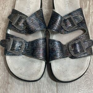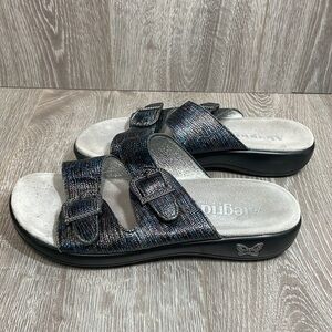 Alegria Jade Glimmer Glam Slide Sandals Buckle Leather Straps EU 39 (US 9)
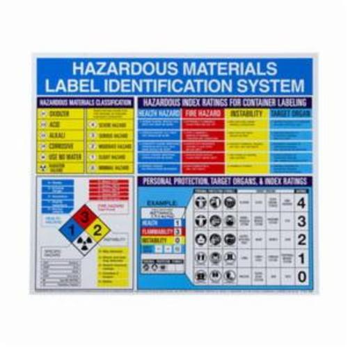 Brady Chemical and Hazardous Material Sign, Laminated Rectangular, Language: English, Symbol/Text Legend, Legend: (HAZARDOUS MATERIALS LABEL IDENTIFICATION SYSTEM), Plastic, Hole Mounting, 22 in Height, 26 in Width, Black/Blue/Red/Yellow on White Legend/Background
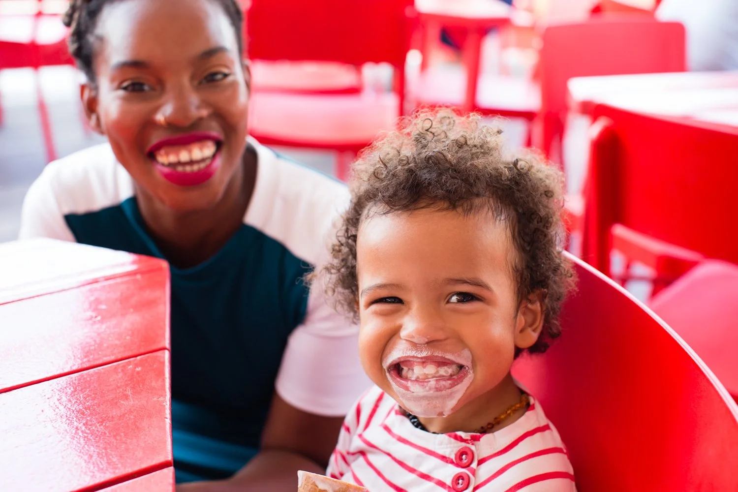 A woman and a young child smiling together at a red table in a brightly lit indoor space.
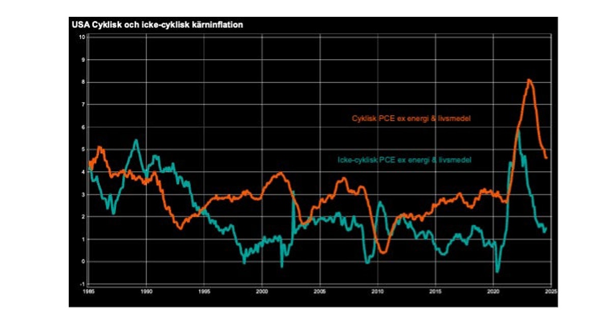 Inflationen har närmat sig målet men två tredjedelar av nedgången beror på faktorer som inte har med räntepolitiken att göra. Den del av inflationen som styrs av konjunkturen, den så kallade cykliska inflationen ligger på historiskt höga 4,5 procent. Det indikerar att ekonomin behöver kylas av mera för att målet ska nås. Ytterligare inbromsning är snarare önskvärd än något att oroa sig över. Om inflation och tillväxt håller i sig i höst kan Fed vila på hanen. Men om arbetslösheten skulle stiga är erfarenheten att man måste agera snabbt för att lyckas mjuklanda ekonomin. Därav Feds fokus på riskbilden.
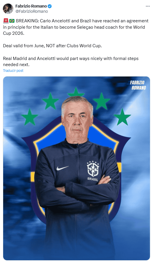 El técnico italiano Carlo Ancelotti no continuará al frente del Real Madrid. El estratega ya habría tomado la decisión de dejar su cargo en el banquillo del conjunto merengue para aceptar la propuesta de ser el estratega de la Selección de Brasil, en el proceso para la Copa del Mundo del 2026.De acuerdo con medios brasileños, a lo largo de esta semana Ancelotti se marchará del Real Madrid y emprenderá su viaje a Sudamérica para firmar su contrato con el "Scratch".Las mismas fuentes aseguran, que lo único que faltan arreglar, es el tiempo que firmará. La intención de Carlo Ancelotti es tener un contrato que se extienda hasta junio de 2030.El italiano se marchará del Real Madrid con 15 títulos entregados en sus diferentes etapas, siendo el entrenador más laureado en la historia del equipo.La información sobre la firma de Ancelotti también fue respaldada por el periodista experto en fichajes, Fabrizio Romano.Pese a que han sonado varios candidatos para asumir las riendas del conjunto "Merengue", el más adelantado sigue siendo Xabi Alonso, quien quedará libre al final de la temporada con el Bayer Leverkusen de la Bundesliga.*Mantente al día con las noticias, únete a nuestro canal de WhatsAppOF
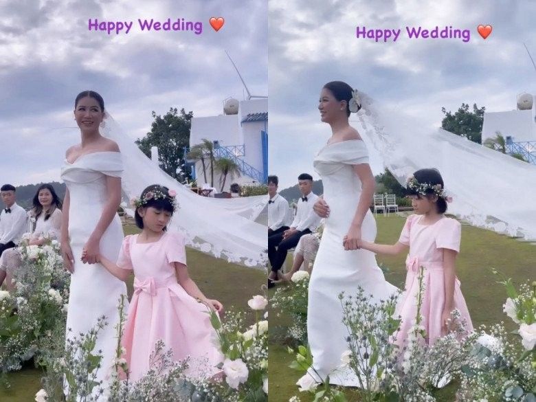 Trang Trần dắt tay con gái Kiến Lửa bước vào lễ đường.
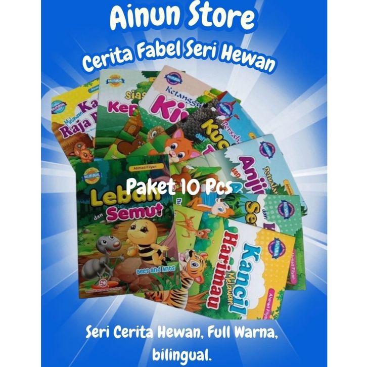10 Pcs Buku Dongeng Fabel Bilingual Cerita Hewan Serba Jaya
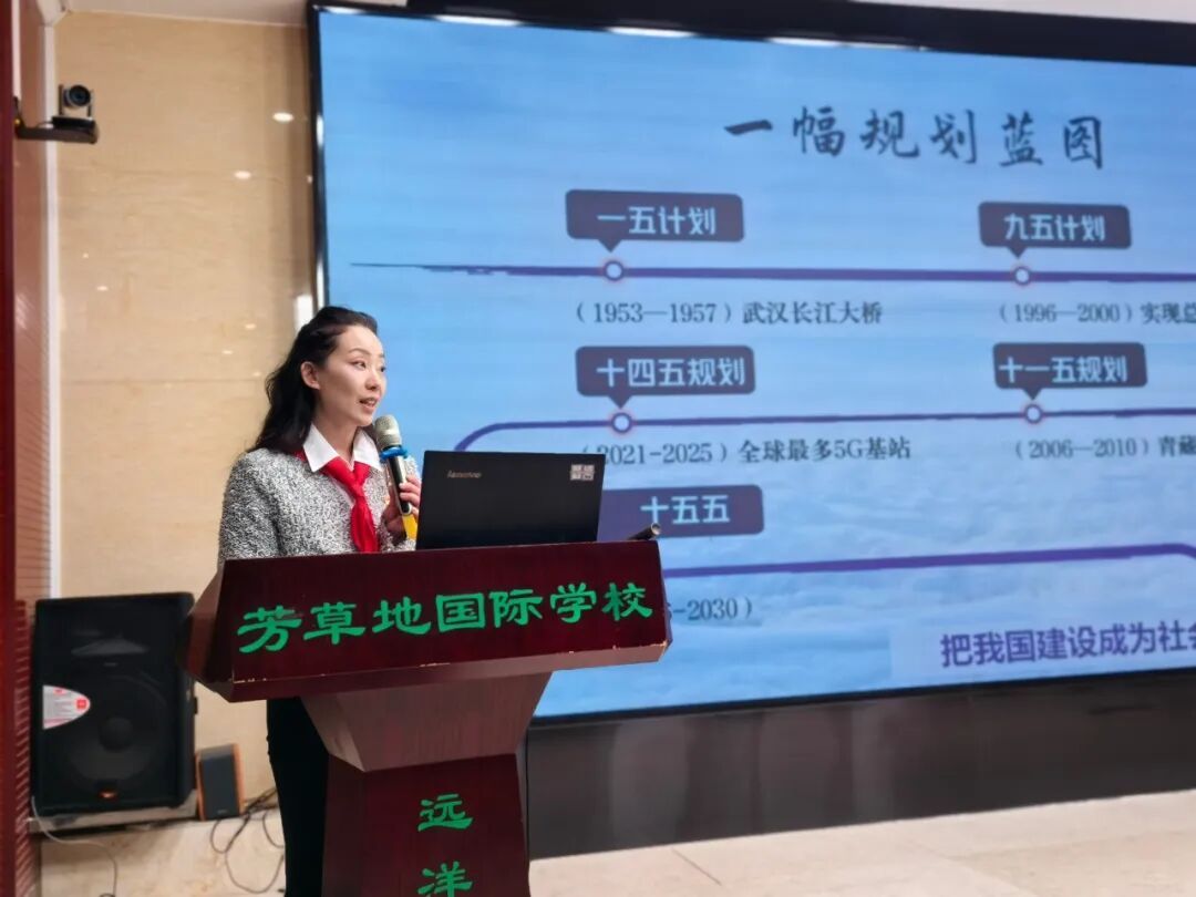 首先,由学校党支部副书记李梅用适合少先队员理解的“儿童化”政治语言,结合图片、数据图表等可视化素材,生动讲述“十四五”期间在科技创新(如航天、5G)、绿色发展等方面的标志性成就,并将国家成就与同学们的日常生活联系起来,点明这些伟大成就,是亿万中国人民在中国共产党的领导下,通过辛勤劳动、诚实劳动、创造性劳动取得的,从而自然过渡到“劳动”和“劳动者”的主题,为劳模出场做铺垫;同时鼓励同学们关注国家发展,将个人成长融入国家进步的大潮中。
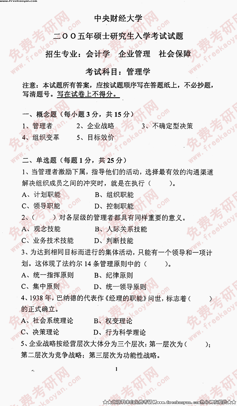 中央财经大学2005年硕士研究生入学考试管理学大纲点我下载管理学大纲 ...
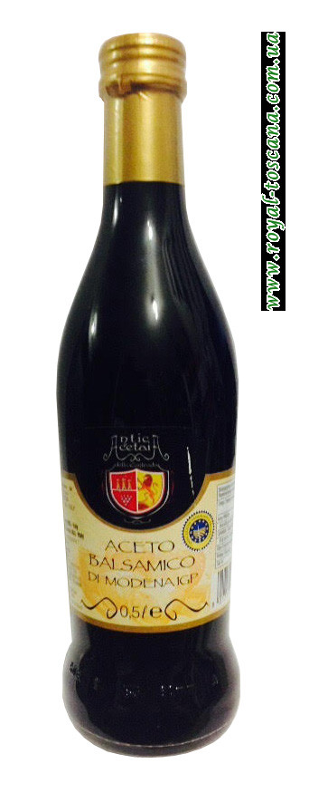 Бальзамический уксус имеет темный цвет, сладкий фруктовый аромат и густую консистенцию, приготовленный по традиционным, старинным рецептам, бальзамик обозначается маркой «Aceto Balsamico Tradizionale di Modena» (традиционный бальзамический уксус из Модены). Применяют для приготовлении супов, салатов, маринадов,а также десертов.
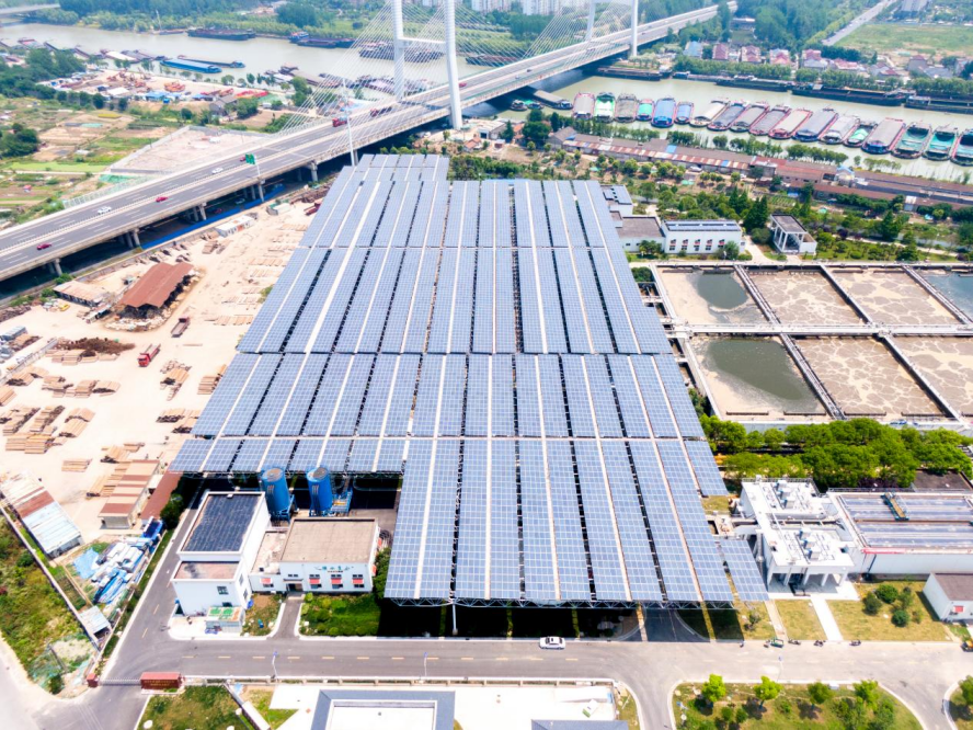 圖注:全國(guó)首批、江蘇首家建成投產(chǎn)的“光伏+水務(wù)”項(xiàng)目(湯汪污水處理廠電站)
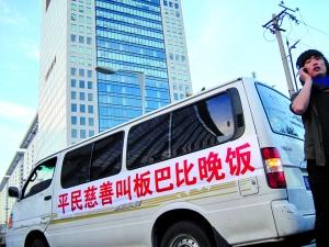 發(fā)起人之一王一飛的朋友透露,巴比晚宴可能在盤古七星酒店舉行,便一路駕車來到盤古大觀,車上的“平民慈善叫板巴比晚飯”字幅,引起路人圍觀。
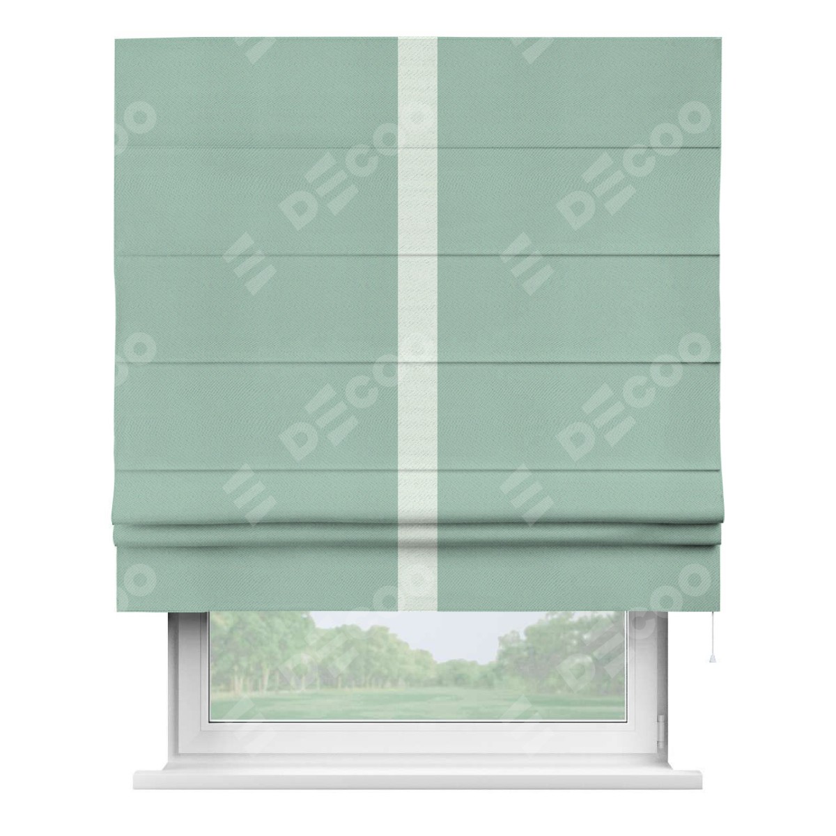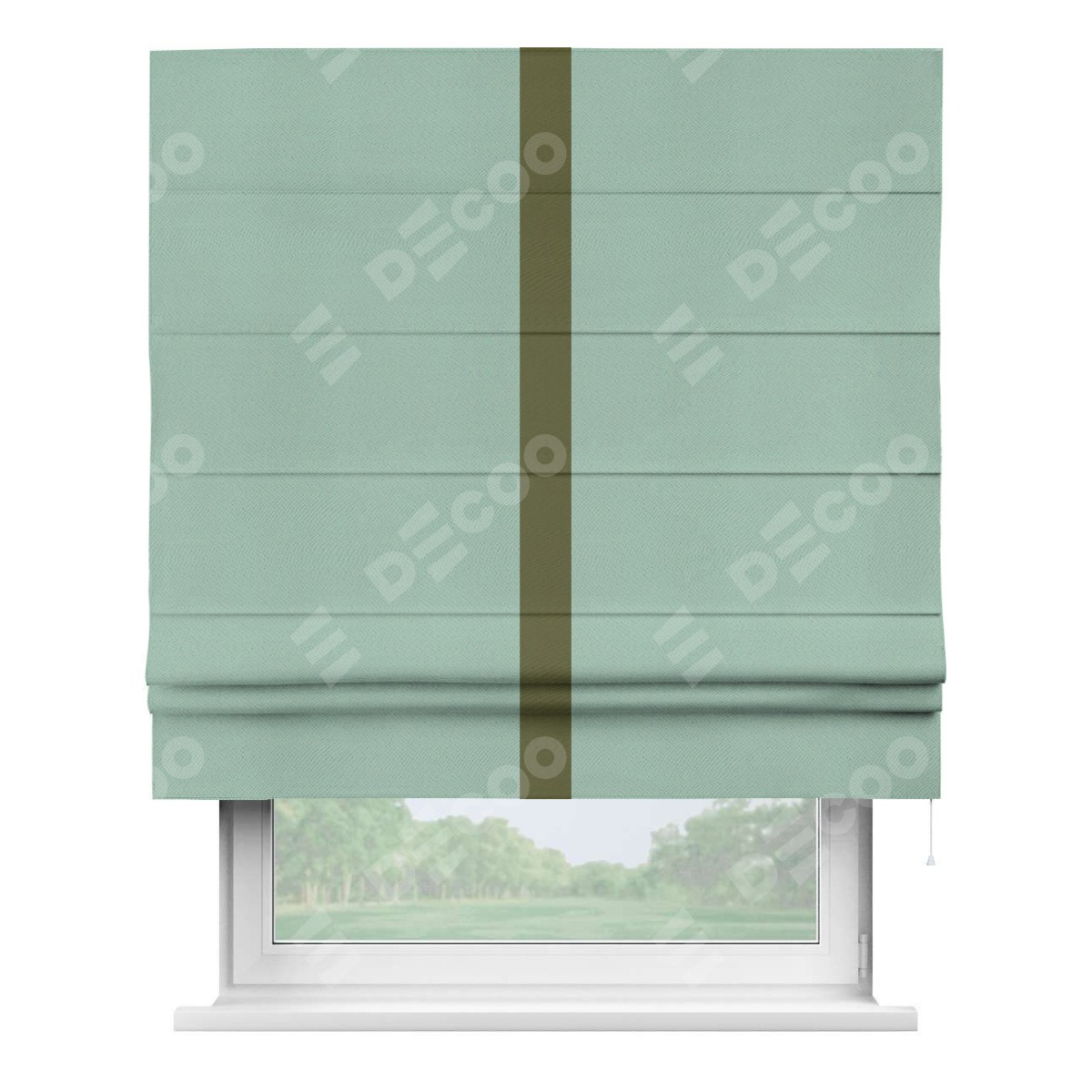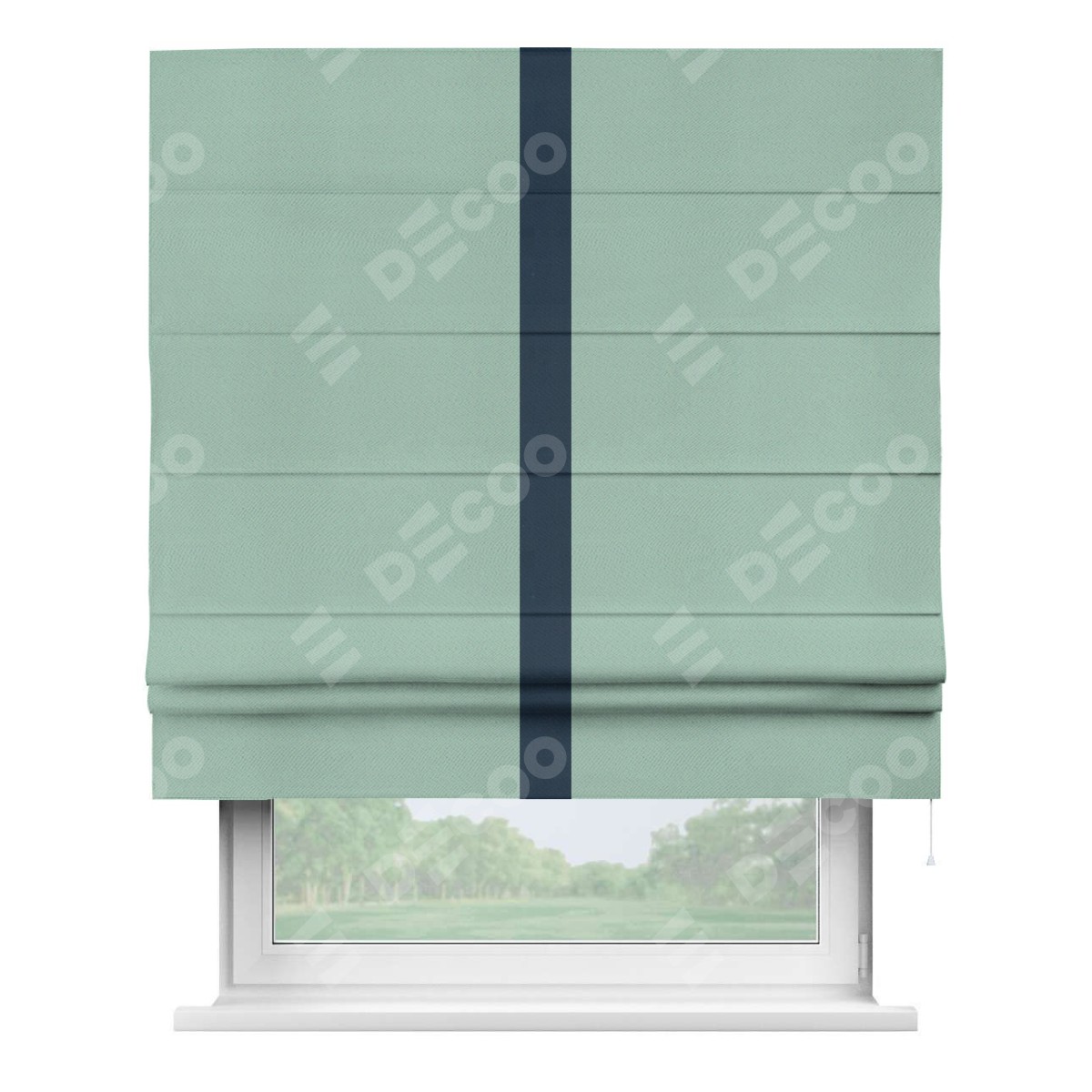 Римская штора производителя «Cortin», используется для проёма, пошита из ткани блэкаут однотонный ментоловый, артикул ткани 29584. Отделка шторы кантом «Хайвей», ткань для канта используется из блэкаута однотонного разной расцветки на выбор. Имеет универсальный механизм и подходит для монтажа: на потолок, на стену и в нишу.
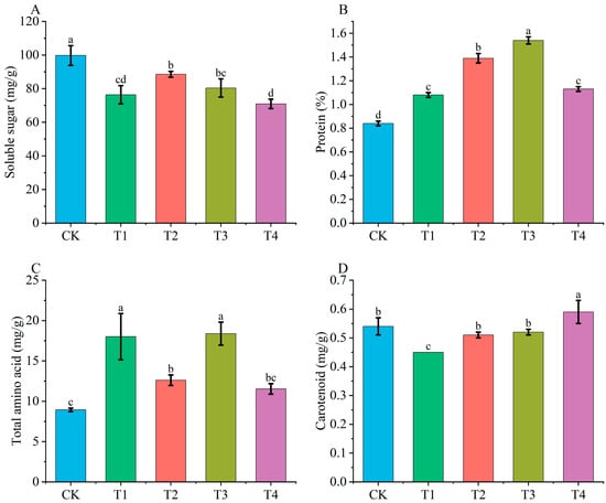 The carotenoid content in T1, T2 and T3 was 3.70–16.67% lower than the control. The carotene content of T4 was the highest, which was 9.26% higher than the control and 11.86–25.43% higher than T1, T2 and T3 (Figure 9D).

________________

Look above for the line with "首先,由学校党支部副书记李梅"; quote it and every line after it, stopping after the line with "Бальзамический уксус имеет", exactly, with nothing added and without pictures.

 首先,由学校党支部副书记李梅用适合少先队员理解的“儿童化”政治语言,结合图片、数据图表等可视化素材,生动讲述“十四五”期间在科技创新(如航天、5G)、绿色发展等方面的标志性成就,并将国家成就与同学们的日常生活联系起来,点明这些伟大成就,是亿万中国人民在中国共产党的领导下,通过辛勤劳动、诚实劳动、创造性劳动取得的,从而自然过渡到“劳动”和“劳动者”的主题,为劳模出场做铺垫;同时鼓励同学们关注国家发展,将个人成长融入国家进步的大潮中。
 中央财经大学2005年硕士研究生入学考试管理学大纲点我下载管理学大纲 ...
 Бальзамический уксус имеет темный цвет, сладкий фруктовый аромат и густую консистенцию, приготовленный по традиционным, старинным рецептам, бальзамик обозначается маркой «Aceto Balsamico Tradizionale di Modena» (традиционный бальзамический уксус из Модены). Применяют для приготовлении супов, салатов, маринадов,а также десертов.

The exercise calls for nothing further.